Known as "cocooning,"
this controversial practice is being promoted by the American
Academy of Pediatrics (AAP) and government health officials as a
way of protecting babies from whooping cough by vaccinating
their parents and other adult caregivers. However, there is
little evidence to show that this works! In fact, research shows
that vaccinated individuals may still transmit the disease.
In an animal study, while acellular-pertussis-vaccinated baby
baboons did not develop serious clinical disease symptoms — such
as loss of appetite and cough — when they were exposed to the B.
pertussis bacteria, they still colonized B. pertussis in their
throats and were capable of transmitting the infection to
other baboons.15
In that same study, the baby baboons that received whole cell
DPT vaccine also were able to transmit pertussis infection to
other baboons without showing typical pertussis symptoms, but
were infectious for a shorter period of time that those which
had received acellular pertussis vaccine.
The study's lead author Tod Merkel also explained that when
exposed to B. pertussis after recently getting vaccinated, you
could be an asymptomatic carrier and infect others, saying:16"When
you're newly vaccinated, you are an asymptomatic carrier, which
is good for you, but not for the population."
The
Tdap shot is also recommended for pregnant women, even
though there is a lack of credible scientific evidence to
demonstrate safety and effectiveness.17
4. Tdap Booster Is Only Moderately Effective
Research has shown that the booster shot is only 53 percent
to 64 percent effective, which the researchers described as
"moderate."18
There is also concern that the mass use of existing pertussis
vaccines has already led to vaccine-resistant strains that are
still evolving and could become much more virulent.

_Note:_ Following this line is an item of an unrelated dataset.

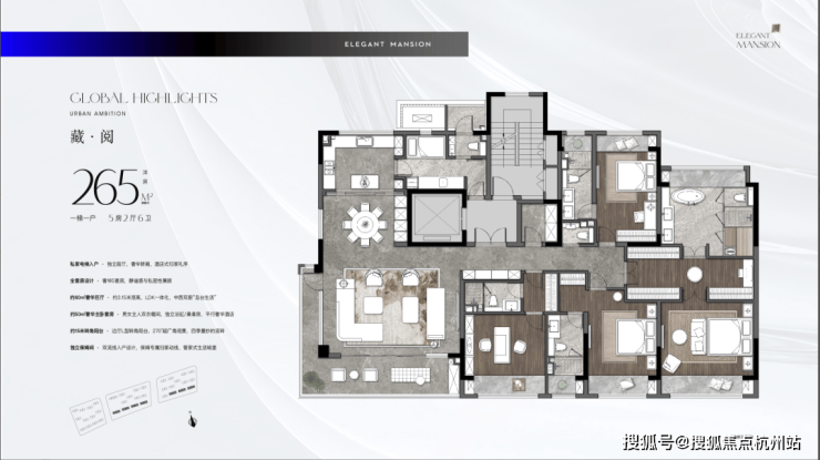 265㎡👇👇1梯1户,私家电梯入户,大宅的风范私藏了恢弘的气度。270°转角环幕巨厅,5套房设计,全景式演绎太湖新城一景一色。

The new mutation, which some researchers are calling "P3," is
a
strain that produces more pertussis toxin (PT). Another
reason why whooping cough cannot be entirely eradicated is the
fact that there's another Bordetella organism — parapertussis —
that can also cause whooping cough. The symptoms of B.
parapertussis, while often milder, can look exactly like B.
pertussis, but doctors rarely recognize or test for
parapertussis. And, there is NO vaccine for it.
Are There Risks to Receiving the DTaP Shot?
Whooping cough can be serious, especially for newborns
and babies, whose tiny airways can become clogged with the sticky
mucus produced by the toxins in B. pertussis bacteria. The majority
of 10 to 20 pertussis deaths that occur in the U.S. every year are
in infants under age 3 months.19
However, the vast majority of children and adults get through a
bout with whooping cough without complications, and it is important
for them to get proper nutrition, hydration and rest to support the
healing process that sometimes can take as long as two to three
months before coughing ends.
Similarly, while some children and adults get
pertussis-containing vaccines and experience no complications,
others do suffer serious reactions, injuries, or have died after
getting vaccinated. It is well known, for instance, that whole cell
and acellular pertussis vaccine in DPT and DTaP/Tdap vaccines may
cause brain inflammation and permanent brain damage in both children
and adults.
Nearly 3,000 cases of pertussis-vaccine-induced brain injury and
death have been awarded compensation in the federal Vaccine Injury
Compensation Program (VICP) under the 1986 National Childhood
Vaccine Injury Act.20
As reported by Barbara Loe Fisher, co-founder and president of the
National Vaccine Information Center:
"A 2013 published study evaluating reports of acute
disseminated encephalomyelitis (ADEM) following vaccination in
the U.S. Vaccine Adverse Events Reporting System (VAERS) and in
a European vaccine reaction reporting system found … pertussis
containing DTaP was among the vaccines most frequently
associated with brain inflammation in children between birth and
age 5."
15 Natural Remedies for Whooping Cough
If you think you or your child have whooping cough, you should
seek medical attention right away, especially if it occurs in an
infant or young child. However, there are some natural remedies
that may help someone with whooping cough move more comfortably
through the healing process (and certainly won't hurt). Peggy O'Mara
suggested the following options:21
Avoid mucus-forming foods, such as milk, flour and eggs,
as well as sugar |
Eat light foods such as vegetables, soups with garlic
and herbal teas |
Homeopathic remedies for pertussis include Coccus cacti
and the nosode, Pertussin.
Drosera is recommended for coughing fits followed by
gagging, retching or vomiting.
Cuprum may be indicated for coughing fits followed by
gasping for air, difficulty breathing or that end in
exhaustion |
Wild cherry bark lozenges may soothe your throat |
Keep well hydrated |
Try up to 5,000 milligrams of
vitamin C daily for seven days |
Keep your room and home well ventilated and free of
smoke |
Use a warm air humidifier with essential oils.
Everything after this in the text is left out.